Funding: This research was supported by grants from Project ALS (PRALS 2017-09), and Takeda Pharmaceuticals (1000344702). Dr. Gerbino was partially supported by a Milton-Safenowitz Post-doctoral fellowship from the ALS Association (2019-2020), and Dr. Canzio was supported by an NIH K99 Award (K99 GM121815). Generation of TBK1 knock-in mice was supported by the Jackson Laboratory Precision Genetics Center Grant U54OD020351-04.
The authors declare no competing interests.
Source:
Zuckerman Institute
Media Contacts:
Anne Holden – Zuckerman Institute
Image Source:
The image is credited to Valeria Gerbino/Maniatis lab/Columbia’s Zuckerman Institute.
Original Research: Closed access
“The loss of TBK1 kinase activity in motor neurons or in all cell types differentially impacts ALS disease progression in SOD1 mice”. Valeria Gerbino, Esther Kaunga, Junqiang Ye, Daniele Canzio, Sean O’Keeffe, Noam D. Rudnick, Paolo Guarnieri, Cathleen M. Lutz, and others.
Neuron doi:10.1016/j.neuron.2020.03.005.
Abstract
The loss of TBK1 kinase activity in motor neurons or in all cell types differentially impacts ALS disease progression in SOD1 mice
Highlights
• TBK1 kinase activity regulates disease progression in an ALS SOD1 mouse model
• Loss of TBK1 in motor neurons increases SOD1 aggregation and accelerates disease onset
• Loss of TBK1 activity in all cell types accelerates disease onset but extends survival
• Loss of TBK1 activity in all cell types reduces the IFN response in microglia
Summary
DNA sequence variants in the TBK1 gene associate with or cause sporadic or familial amyotrophic lateral sclerosis (ALS). Here we show that mice bearing human ALS-associated TBK1 missense loss-of-function mutations, or mice in which the Tbk1 gene is selectively deleted in motor neurons, do not display a neurodegenerative disease phenotype.
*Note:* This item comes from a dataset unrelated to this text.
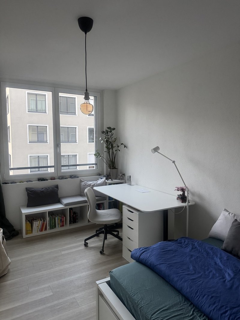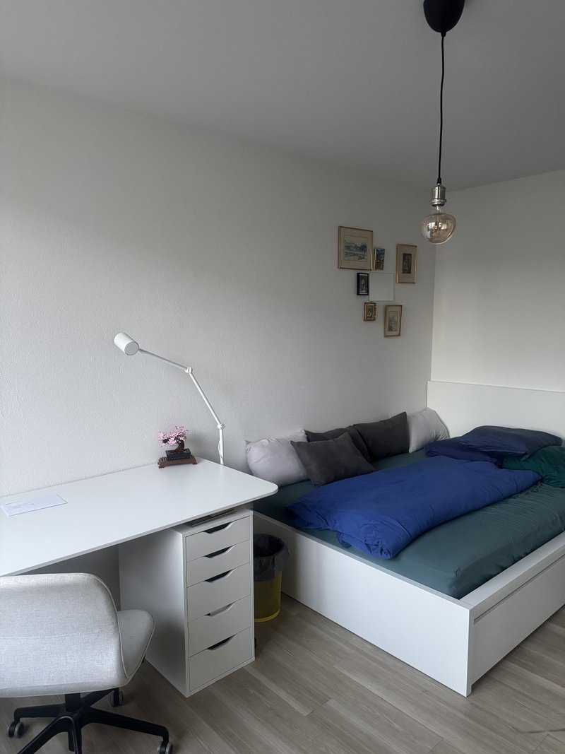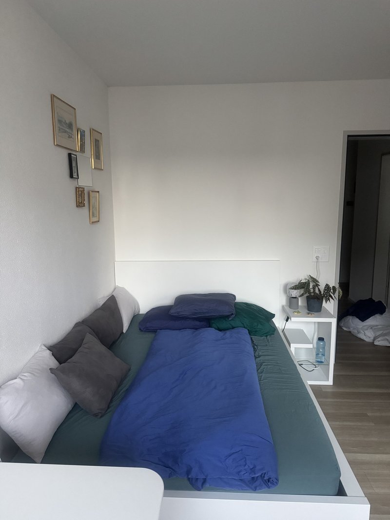 Unsere Wohnung ist vollständig ausgestattet und bietet neben einer modernen Küche ein grosszügiges Wohnzimmer sowie 2 Loggias, zu einer hättest Du direkten Zugang. Die Mitbenützung von Waschmaschine/Tumbler, welche sich in der Wohnung befindet ist möglich.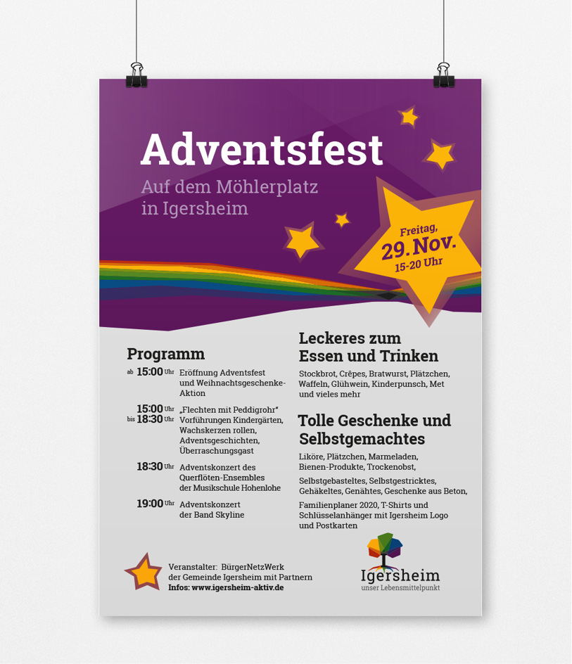 BÜRGERENGAGEMENT schreibt man in Igersheim groß. In unzähligen Stunden haben sich verantwortungsvolle Bürger hier leidenschaftlich und selbstlos zum Wohle aller eingebracht. Gemeinsam wurde ein Leitbild entwickelt, das sich nun im neuen Gesicht der Gemeinde widerspiegelt. Das Motto der Gemeinde "Unser Lebensmittelpunkt" findet sein Sinnbild in der Symbolik eines Baums. Fest verwurzelt und geschmückt mit den codierten Farben der definierten Handlungsfelder der Gemeinde.

However, loss of TBK1 function in motor neurons of the SOD1 G93A mouse model of ALS impairs autophagy, increases SOD1 aggregation, and accelerates early disease onset without affecting lifespan. By contrast, point mutations that decrease TBK1 kinase activity in all cells also accelerate disease onset but extend the lifespan of SOD1 mice. This difference correlates with the failure to activate high levels of expression of interferon-inducible genes in glia. We conclude that loss of TBK1 kinase activity impacts ALS disease progression through distinct pathways in different spinal cord cell types and further implicate the importance of glia in neurodegeneration.